== AVAILABLE RECORDS

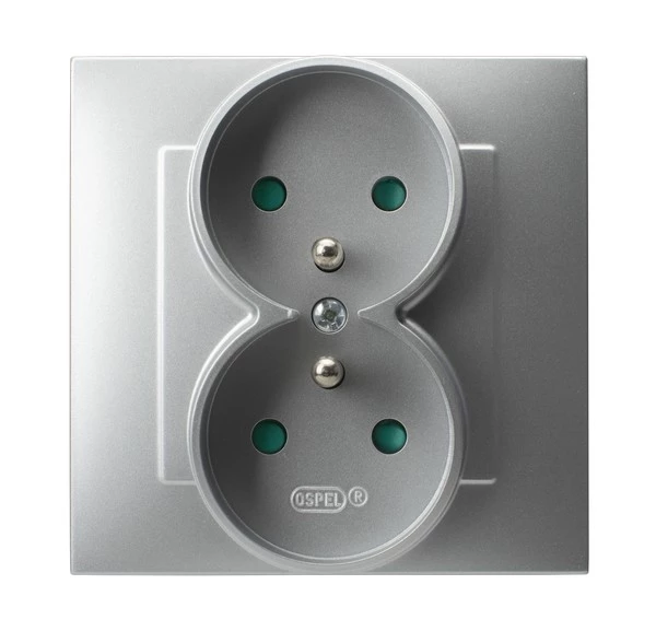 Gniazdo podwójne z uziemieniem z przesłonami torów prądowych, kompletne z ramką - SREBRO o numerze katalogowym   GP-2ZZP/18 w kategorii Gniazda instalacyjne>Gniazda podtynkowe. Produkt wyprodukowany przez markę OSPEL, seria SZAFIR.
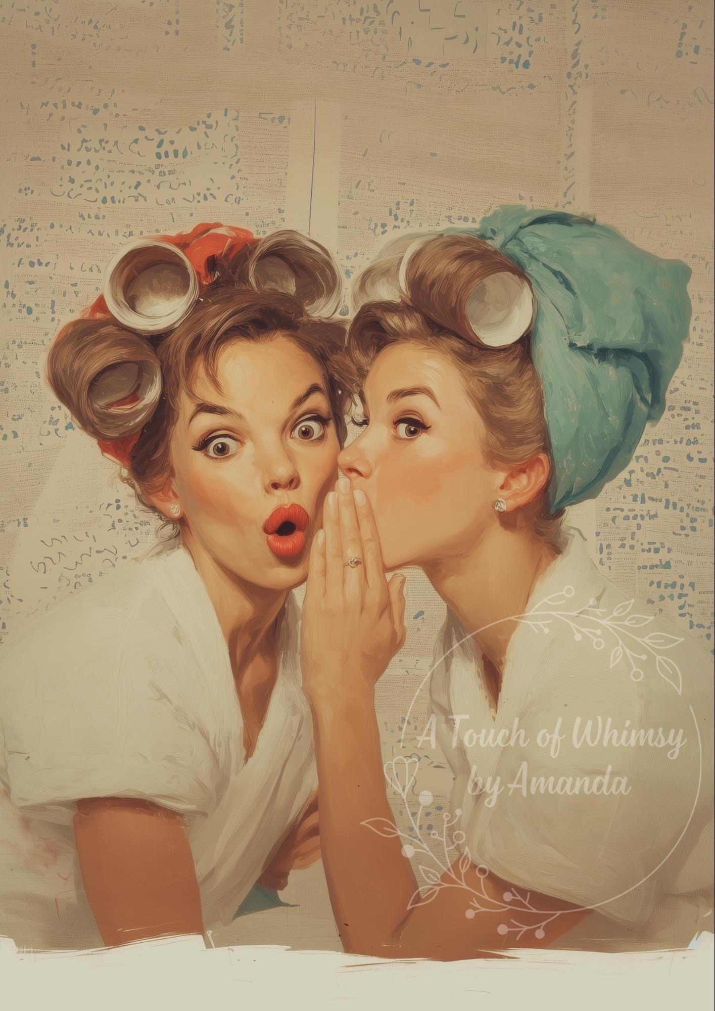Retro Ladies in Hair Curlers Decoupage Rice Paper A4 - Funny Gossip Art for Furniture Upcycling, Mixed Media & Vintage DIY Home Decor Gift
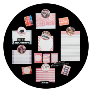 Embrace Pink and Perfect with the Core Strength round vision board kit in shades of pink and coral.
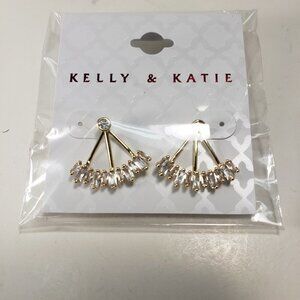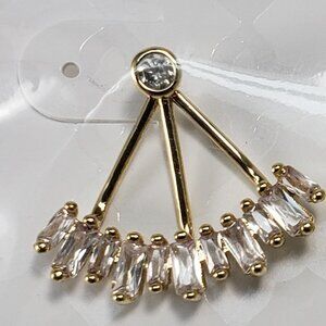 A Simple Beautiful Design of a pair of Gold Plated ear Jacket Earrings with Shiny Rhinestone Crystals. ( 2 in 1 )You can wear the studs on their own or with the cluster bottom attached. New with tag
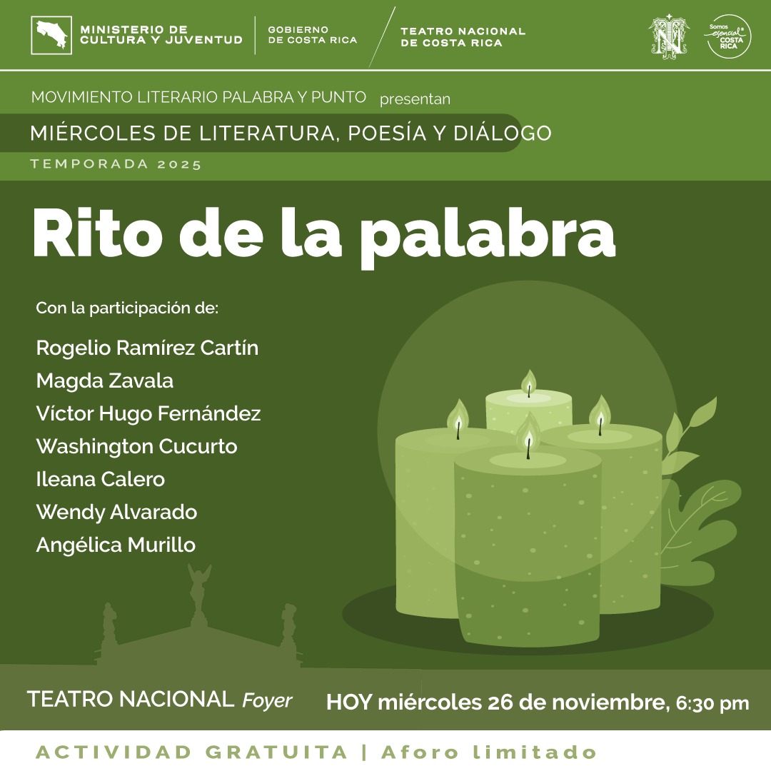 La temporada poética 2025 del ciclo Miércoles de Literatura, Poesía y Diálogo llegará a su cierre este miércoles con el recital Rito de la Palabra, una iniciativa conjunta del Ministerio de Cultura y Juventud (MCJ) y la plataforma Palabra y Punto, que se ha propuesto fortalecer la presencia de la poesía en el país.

====

Could you write out exactly the lines running from the one with "Embrace Pink and" through the last line of the data above, both ends kept, and omit any picture?

 Embrace Pink and Perfect with the Core Strength round vision board kit in shades of pink and coral.
 A Simple Beautiful Design of a pair of Gold Plated ear Jacket Earrings with Shiny Rhinestone Crystals. ( 2 in 1 )You can wear the studs on their own or with the cluster bottom attached. New with tag
 La temporada poética 2025 del ciclo Miércoles de Literatura, Poesía y Diálogo llegará a su cierre este miércoles con el recital Rito de la Palabra, una iniciativa conjunta del Ministerio de Cultura y Juventud (MCJ) y la plataforma Palabra y Punto, que se ha propuesto fortalecer la presencia de la poesía en el país.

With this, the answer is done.